The honest read on AI-accelerated development, for someone like me doing serious indie work around an executive day job: it’s genuinely transformative for shipping pace, and it’s not yet a substitute for taste, context awareness, or upstream discipline. You still have to know what you’re doing. The tools just let you do more of it per hour.
Five things you can do this week, even if you never run any of this#
If you’ve read this far you probably want some takeaways. Five of them.
One: write your reusable workflows down as artifacts, not chats.
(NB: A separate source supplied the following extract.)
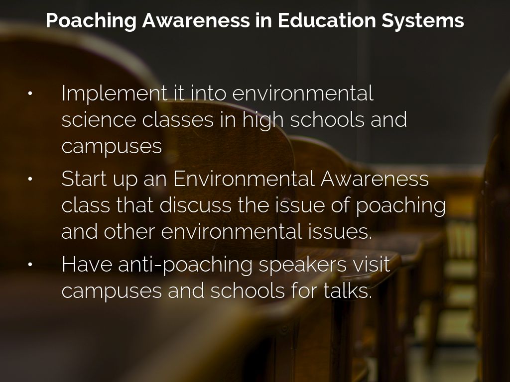 Public awareness will encourage more people to become activists against poaching and convince others never to take part in it.

When you find yourself explaining the same context to your assistant for the third time, that’s a signal. Save it. A Cursor rule, an AGENTS.md, a custom Claude project, a Hermes skill, a folder of markdown templates you paste in. Anywhere portable. Skills compound across sessions and tools. Conversations evaporate at the end of the tab.
Two: look for tools whose authors have written about what to forget, not just what to remember. This is a heuristic, not a rule, but it’s been weirdly reliable. If a tool brags about how much it remembers, ask what it forgets. Cashew is one example of a tool whose authors have thought carefully about what to let go; the academic systems coming out of recent research are others. They tend to behave noticeably better over time than tools that just announce “we have memory!” Read the philosophy file. It tells you a lot.
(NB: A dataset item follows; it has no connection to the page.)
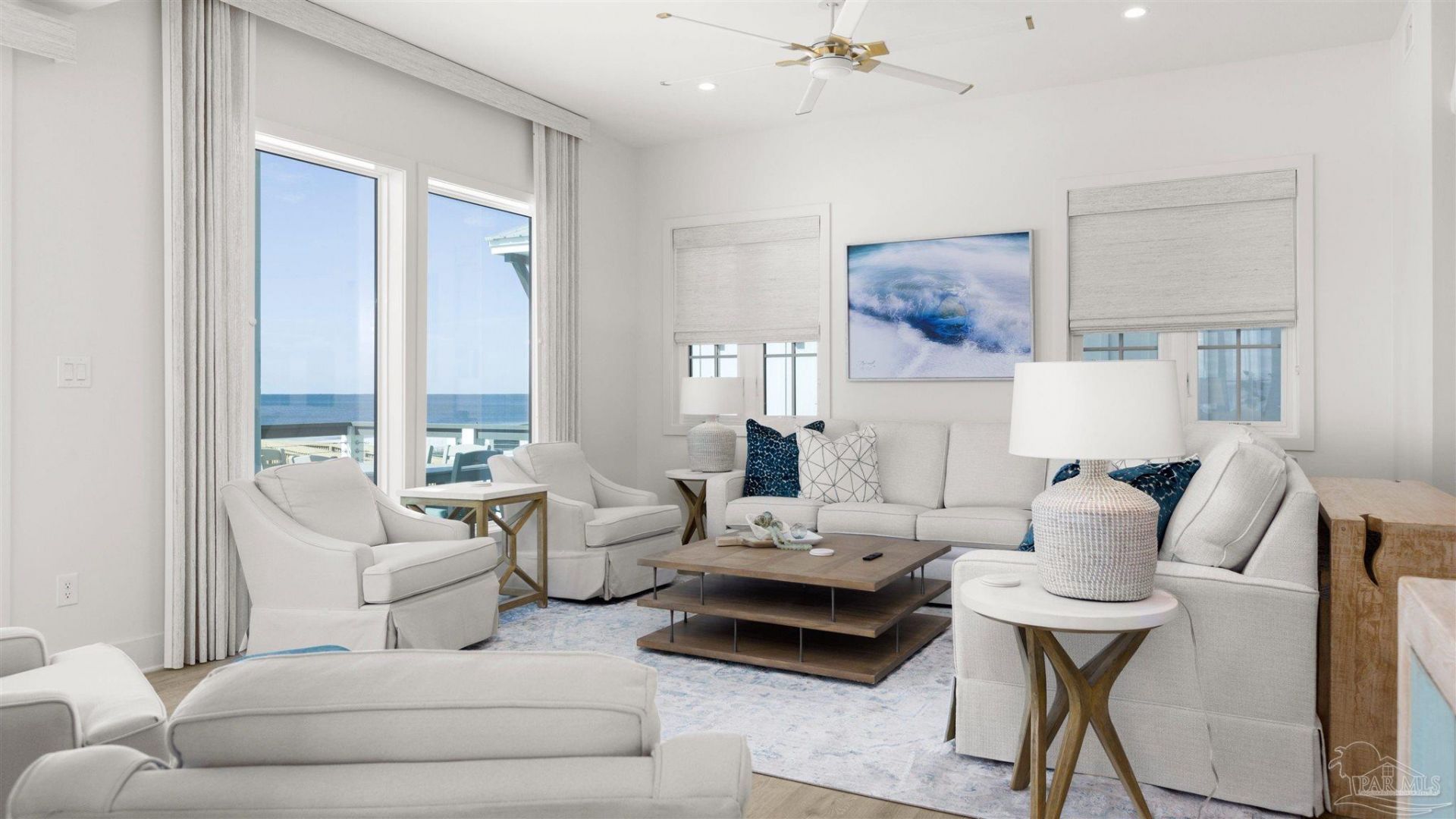 $242,000+ IN RENTALS ALREADY ON THE BOOKS FOR 2026 | DIRECT GULF-FRONT LUXURY HOME | PRIVATE POOL +ELEVATOR + 3 GULF-FRONT DECKSRare opportunity to own Emerald Bluff, a stunning 5BR / 5.5BA direct Gulf-front beach house inthe exclusive Bluffs community, located in the heart of Orange Beach right next to Coastal. This three-story luxury home sleeps 12-16guests and offers panoramic Gulf views from nearly every room.Designed for entertaining and rental performance, the open-conceptmain living area features 10' ceilings, a wall of Gulf-front windows, a fully equipped kitchen, dining seating for 8 plus 6 at the bar, and awet bar. Multiple living...read more

Three: write context to be retrieved, not to be read. When you save reusable context, structure it for retrieval. Short, tagged, specific, easy to find. Long narrative documents that explain everything are harder for the assistant to use than short structured ones. The research is consistent on this: how findable your context is matters more than how completely you wrote it.
Four: prune. Manually, for now. The tools aren’t doing engineered forgetting yet. Including mine; my plugin’s garbage collection is essentially random deletion at a one-percent rate. That isn’t forgetting; that’s hoping. Until the next generation of tools ships real decay and supersession, you’re the curator. Schedule the time. Delete the stale. Mark the superseded. The gain compounds.
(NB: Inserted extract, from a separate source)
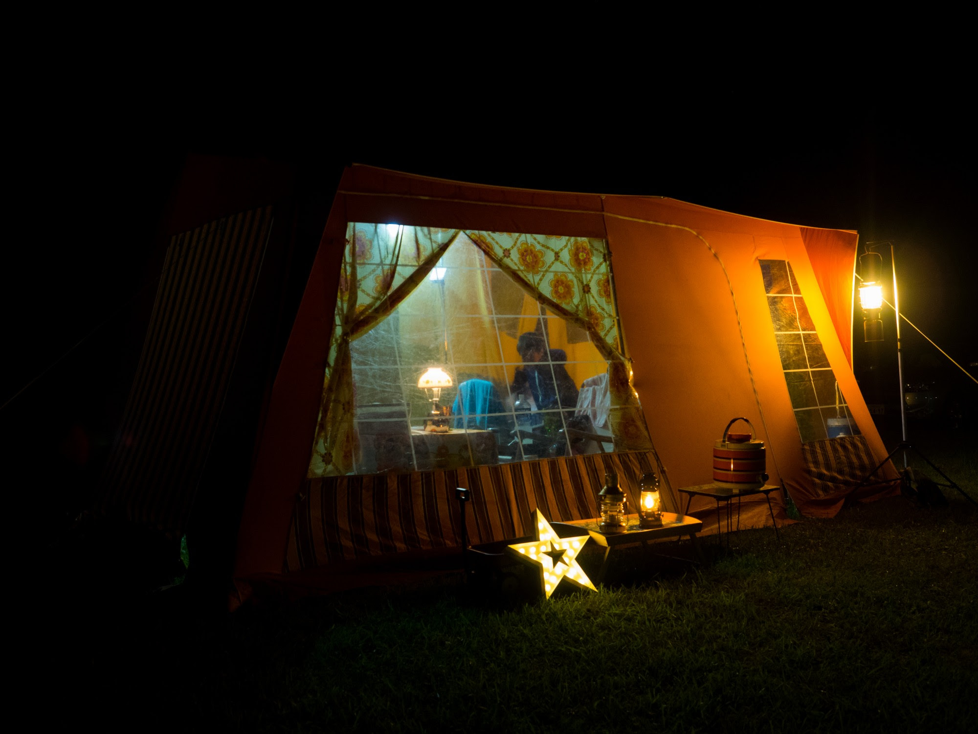 楽しい夜のステージが終わった後は、それぞれのサイトに戻ってファミリーで語らう時間。この夜は満天の星空も楽しむことができた。

Five: the bottleneck right now is packaging, not research. This one is the post in a sentence. The interesting agent-memory work is happening in small projects with sharp philosophies and limited audiences. If you’ve built a memory system for yourself that works (and a surprising number of you have), the field needs you to package it well enough that someone else can run it in five minutes. That’s the move I’m trying to make with hermes-cashew, and it’s the move Cashew itself made before me. Distribution is where the leverage is.
Closing#
The research is converging. The forgetting question is the one worth asking. The architectures we know how to build are mostly waiting on the discipline to package them in ways other people can run. If you’ve been quietly building cognitive infrastructure for your own use, or thinking about it, take this as an invitation. Pick a thing you have running. Make it installable. Write a README that explains the philosophy. Ship it.
The brain you build for yourself is interesting. The brain you ship to other people is what changes the field.